Diseases & Conditions
Serous Otitis Media
Serous otitis media is fluid accumulation behind the eardrum (see Middle and Inner Ear Disorders: Otitis Media (Secretory) ).
Serous otitis media often occurs after acute otitis media. The fluid that has accumulated behind the eardrum during the acute infection remains after the infection resolves. Serous otitis media may also occur without preceding infection, and may be due to gastroesophageal reflux disease or a blockage of the eustachian tube by infection or enlarged adenoids. Serous otitis media is extremely common in children between the ages of 3 months and 3 years.
Although serous otitis media is painless, the fluid can impair hearing, understanding of speech, language development, learning, and behavior.
Doctors diagnose serous otitis media by looking for changes in the color and appearance of the eardrum and by squeezing air into the ear to see if the eardrum moves.

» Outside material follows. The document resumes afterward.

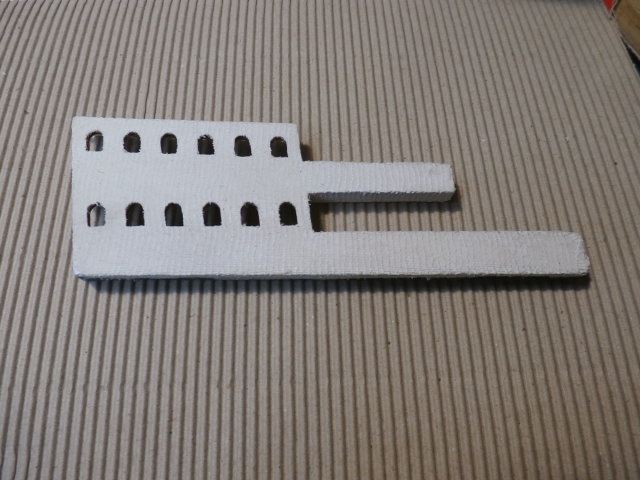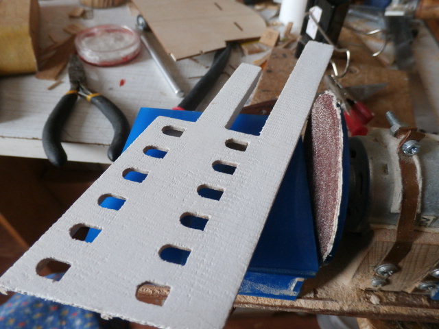 В принципе устройство не сложное, но когда конкретно взялся за изготовление - пришлось по возиться и повозиться от души. Дело в том что последняя третья от носа направляющая фендерса у меня выполняет еще одну функцию - забортного трапа для команды корабля.Сложность изготовления фендерсов заключается в крутизне и изгибе наружного борта корабля. Изгибать рейку с такими радиусами изгиба трудно, да и получить их одинаковыми все три очень сложно. Я пошел другим путём: Вырезал многочисленные кондуктора из картона, последовательно подгоняя каждый изгиб фендерса отдельно к изгибу борта Повелителя. Крепление фендерсов к борту будет при помощи мет.нагелей изготовленных из канцелярских скрепок , закрепленных секундным клеем.

If the eardrum does not move but there is no redness or bulging and the child has few symptoms, then serous otitis media is likely.
Serous otitis media often does not improve when treated with antibiotics or other drugs, such as decongestants, antihistamines, or nasal sprays. The condition often resolves by itself after weeks or months.
If the condition persists without improvement after 3 months, surgery may help. In the United States, doctors perform myringotomy, in which they make a tiny slit in the eardrum, remove the fluid, and insert a small ventilating (tympanostomy) tube in the slit to provide drainage from the middle to the outer ear. Some doctors may perform a myringotomy to remove fluid but not to insert ventilating tubes; this procedure is called tympanocentesis.